SUPPLIED RECORDS:
○ ○ ○ ○ ○

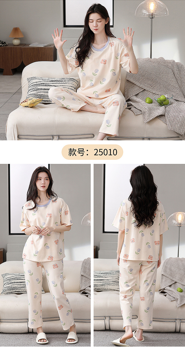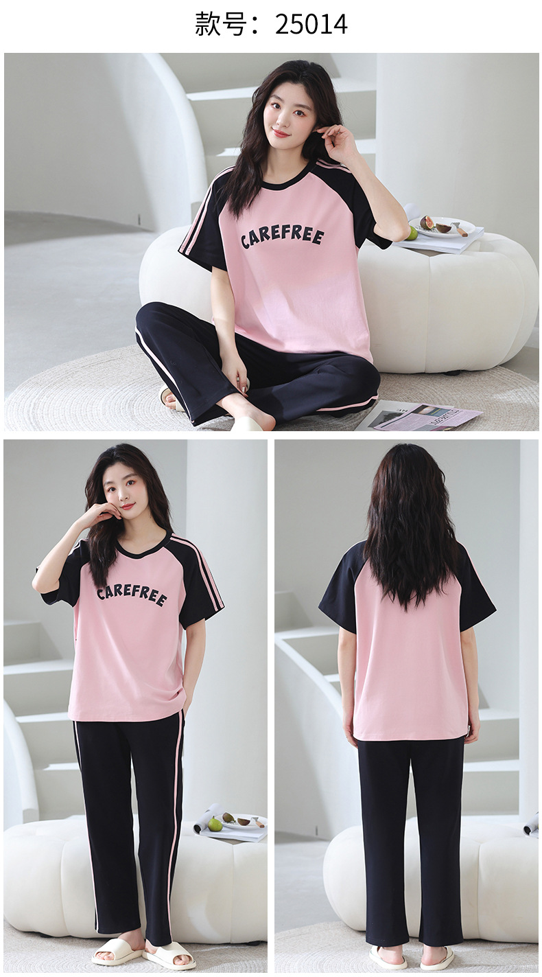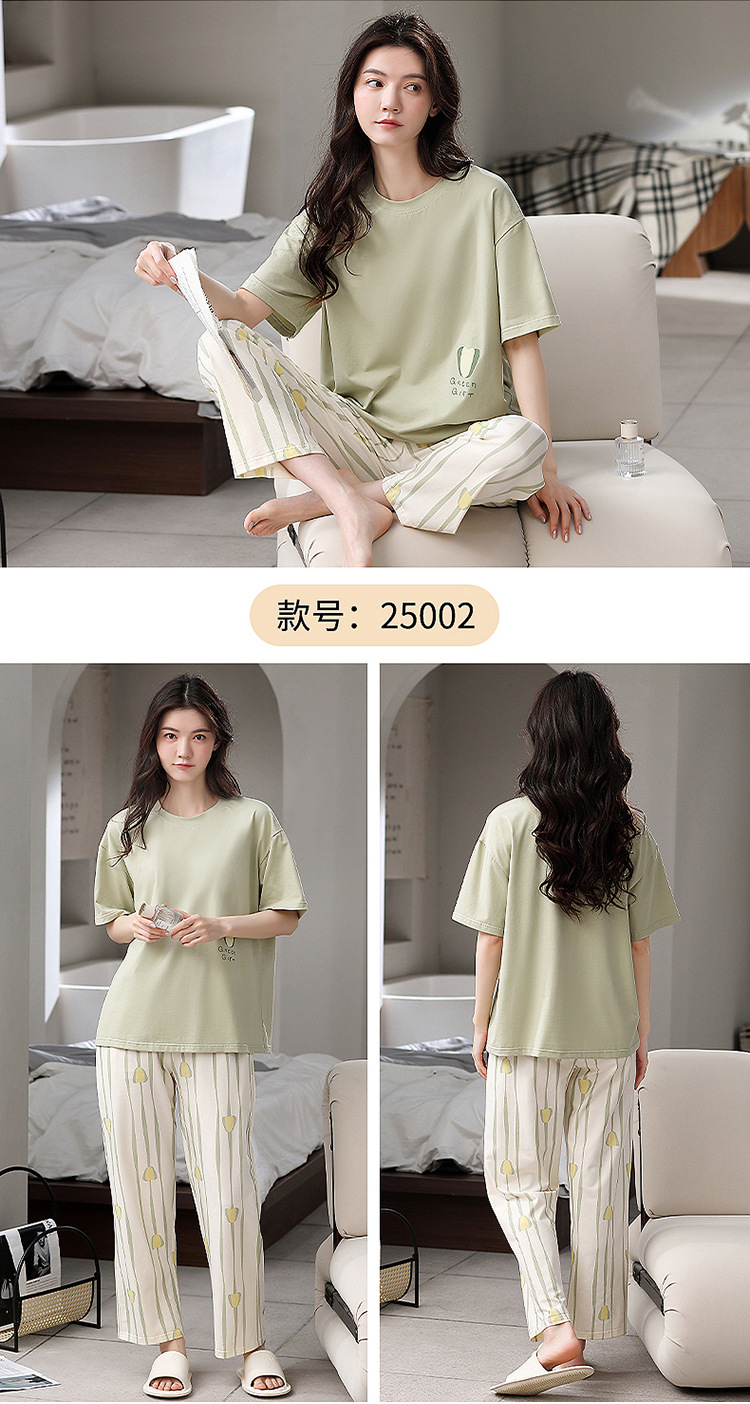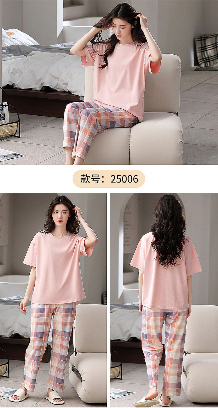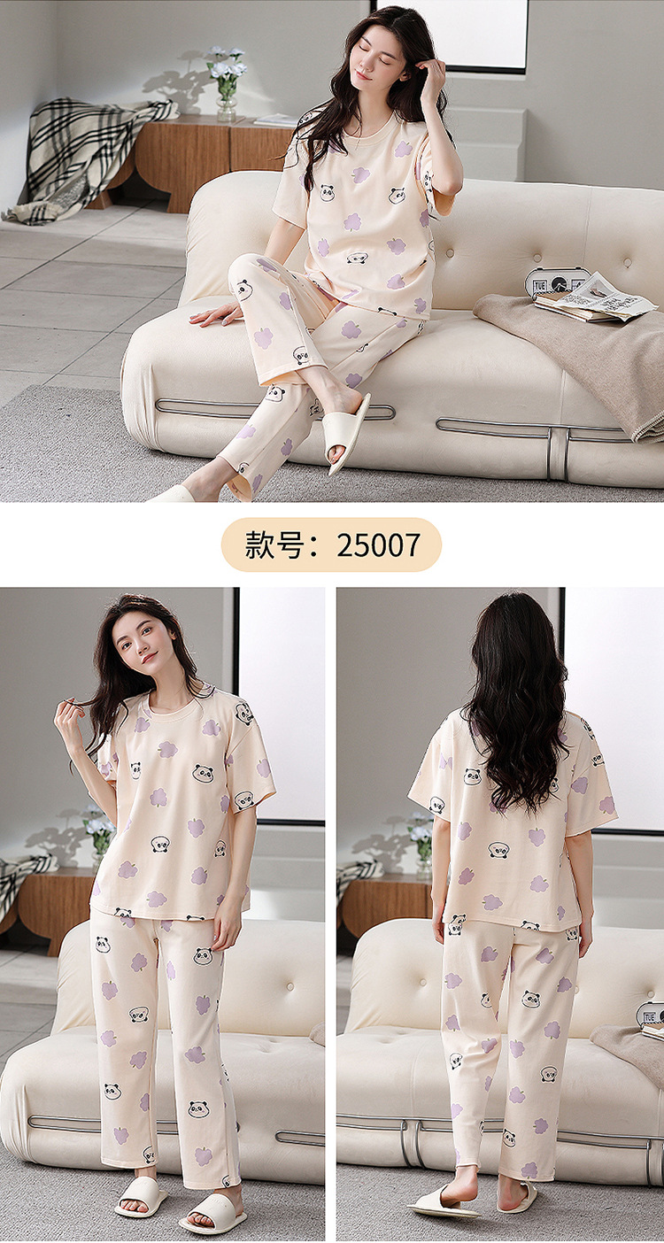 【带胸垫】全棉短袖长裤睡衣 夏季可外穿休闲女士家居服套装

○ ○ ○ ○ ○

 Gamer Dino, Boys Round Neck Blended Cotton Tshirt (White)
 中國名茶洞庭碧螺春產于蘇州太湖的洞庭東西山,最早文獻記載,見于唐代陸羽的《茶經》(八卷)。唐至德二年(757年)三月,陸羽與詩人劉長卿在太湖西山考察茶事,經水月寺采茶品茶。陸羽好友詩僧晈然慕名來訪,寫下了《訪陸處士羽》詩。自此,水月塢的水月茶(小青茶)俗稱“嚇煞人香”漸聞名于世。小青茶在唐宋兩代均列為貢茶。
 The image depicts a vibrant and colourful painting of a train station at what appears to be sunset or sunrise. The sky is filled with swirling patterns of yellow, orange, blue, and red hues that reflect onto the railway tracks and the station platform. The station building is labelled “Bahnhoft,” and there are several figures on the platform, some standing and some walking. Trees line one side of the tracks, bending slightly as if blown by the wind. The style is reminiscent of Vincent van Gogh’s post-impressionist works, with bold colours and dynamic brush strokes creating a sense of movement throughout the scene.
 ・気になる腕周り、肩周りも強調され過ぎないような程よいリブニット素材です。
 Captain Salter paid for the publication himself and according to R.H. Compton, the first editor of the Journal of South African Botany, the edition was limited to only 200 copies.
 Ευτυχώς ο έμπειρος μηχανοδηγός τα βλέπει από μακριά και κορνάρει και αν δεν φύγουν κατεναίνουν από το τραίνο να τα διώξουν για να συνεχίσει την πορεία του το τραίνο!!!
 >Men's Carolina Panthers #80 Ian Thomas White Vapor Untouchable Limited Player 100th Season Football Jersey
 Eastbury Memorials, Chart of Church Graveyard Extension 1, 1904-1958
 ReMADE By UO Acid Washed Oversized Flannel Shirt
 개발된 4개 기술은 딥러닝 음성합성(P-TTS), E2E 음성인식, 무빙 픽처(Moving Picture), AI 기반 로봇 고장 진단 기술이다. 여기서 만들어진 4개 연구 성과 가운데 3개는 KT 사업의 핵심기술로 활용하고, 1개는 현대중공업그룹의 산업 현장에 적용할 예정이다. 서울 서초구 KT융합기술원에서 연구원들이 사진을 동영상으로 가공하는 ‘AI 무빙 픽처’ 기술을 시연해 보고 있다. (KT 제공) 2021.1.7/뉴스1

○ ○ ○ ○ ○

TASK TO COMPLETE:
What do the lines above say from the one containing "Captain Salter paid" down to the one containing "개발된 4개 기술은 딥러닝"? Return them exactly, both end lines included, and only them.

TASK ANSWER:
 Captain Salter paid for the publication himself and according to R.H. Compton, the first editor of the Journal of South African Botany, the edition was limited to only 200 copies.
 Ευτυχώς ο έμπειρος μηχανοδηγός τα βλέπει από μακριά και κορνάρει και αν δεν φύγουν κατεναίνουν από το τραίνο να τα διώξουν για να συνεχίσει την πορεία του το τραίνο!!!
 >Men's Carolina Panthers #80 Ian Thomas White Vapor Untouchable Limited Player 100th Season Football Jersey
 Eastbury Memorials, Chart of Church Graveyard Extension 1, 1904-1958
 ReMADE By UO Acid Washed Oversized Flannel Shirt
 개발된 4개 기술은 딥러닝 음성합성(P-TTS), E2E 음성인식, 무빙 픽처(Moving Picture), AI 기반 로봇 고장 진단 기술이다. 여기서 만들어진 4개 연구 성과 가운데 3개는 KT 사업의 핵심기술로 활용하고, 1개는 현대중공업그룹의 산업 현장에 적용할 예정이다. 서울 서초구 KT융합기술원에서 연구원들이 사진을 동영상으로 가공하는 ‘AI 무빙 픽처’ 기술을 시연해 보고 있다. (KT 제공) 2021.1.7/뉴스1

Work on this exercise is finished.